■ **Task statement**
Every line of the material below needs to be copied exactly; omit the pictures.

■ **Data below**

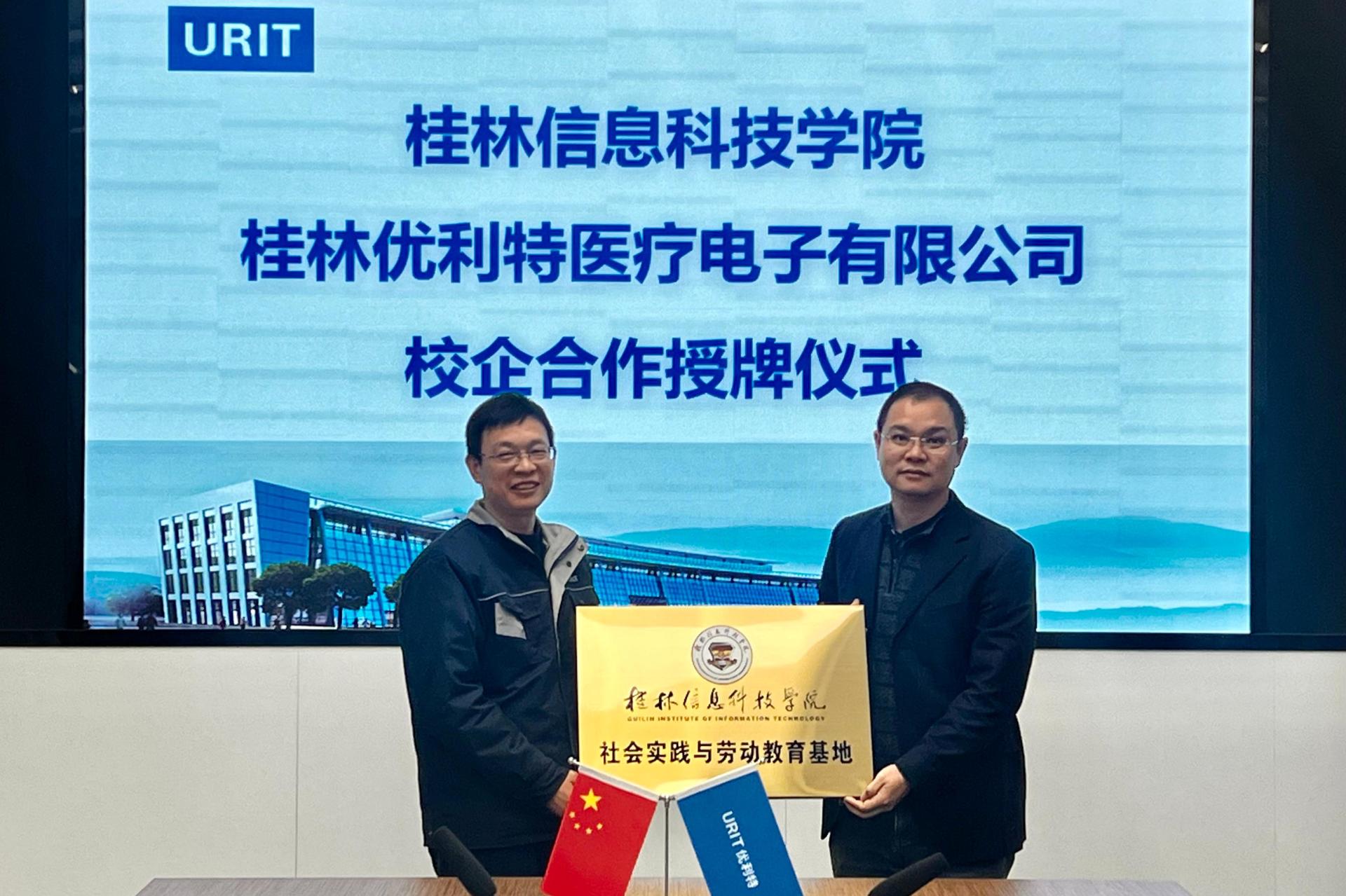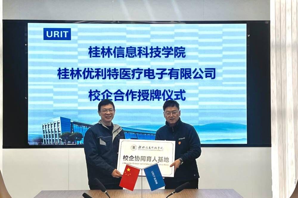为深化产教融合战略布局,推进人才链与产业链精准对接,2月21日上午,beat365电子工程学院院长王东云、副院长赵志鹏、校企合作处主管卢文德等相关负责人前往桂林优利特医疗电子有限公司,与桂林优利特医疗电子有限公司人力资源总监蒋继军、人力部副部长刘玲等人共同参与并见证“社会实践及劳动教育基地”与“校企协同育人”双挂牌仪式。
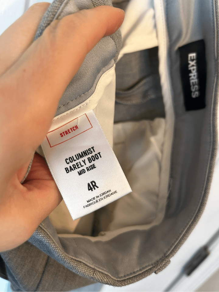 Express pants stretch size 4 regular but they have been hemmed. Measurements are inseam is 28 inches to bottom is 38 inches. Waste is 15 tips are 20 inches.
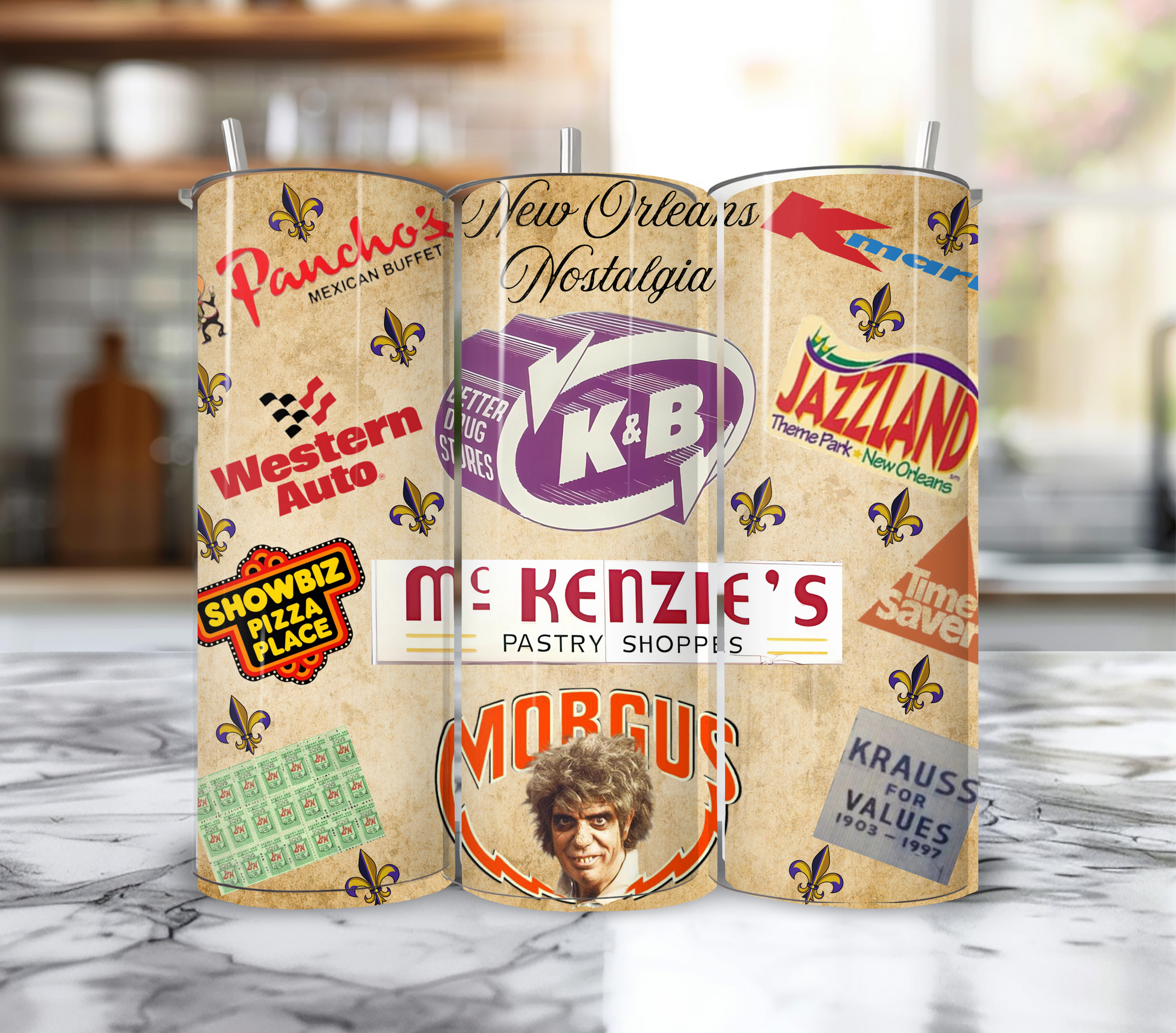 Take a trip down memory lane with this custom 20oz tumbler packed full of beloved New Orleans icons. Whether it was birthday parties at Showbiz Pizza, shopping trips to K&B, or rides at Jazzland, this design brings back all the best memories of growing up in the Crescent City.

■ **Exercise answer**
为深化产教融合战略布局,推进人才链与产业链精准对接,2月21日上午,beat365电子工程学院院长王东云、副院长赵志鹏、校企合作处主管卢文德等相关负责人前往桂林优利特医疗电子有限公司,与桂林优利特医疗电子有限公司人力资源总监蒋继军、人力部副部长刘玲等人共同参与并见证“社会实践及劳动教育基地”与“校企协同育人”双挂牌仪式。
 Express pants stretch size 4 regular but they have been hemmed. Measurements are inseam is 28 inches to bottom is 38 inches. Waste is 15 tips are 20 inches.
 Take a trip down memory lane with this custom 20oz tumbler packed full of beloved New Orleans icons. Whether it was birthday parties at Showbiz Pizza, shopping trips to K&B, or rides at Jazzland, this design brings back all the best memories of growing up in the Crescent City.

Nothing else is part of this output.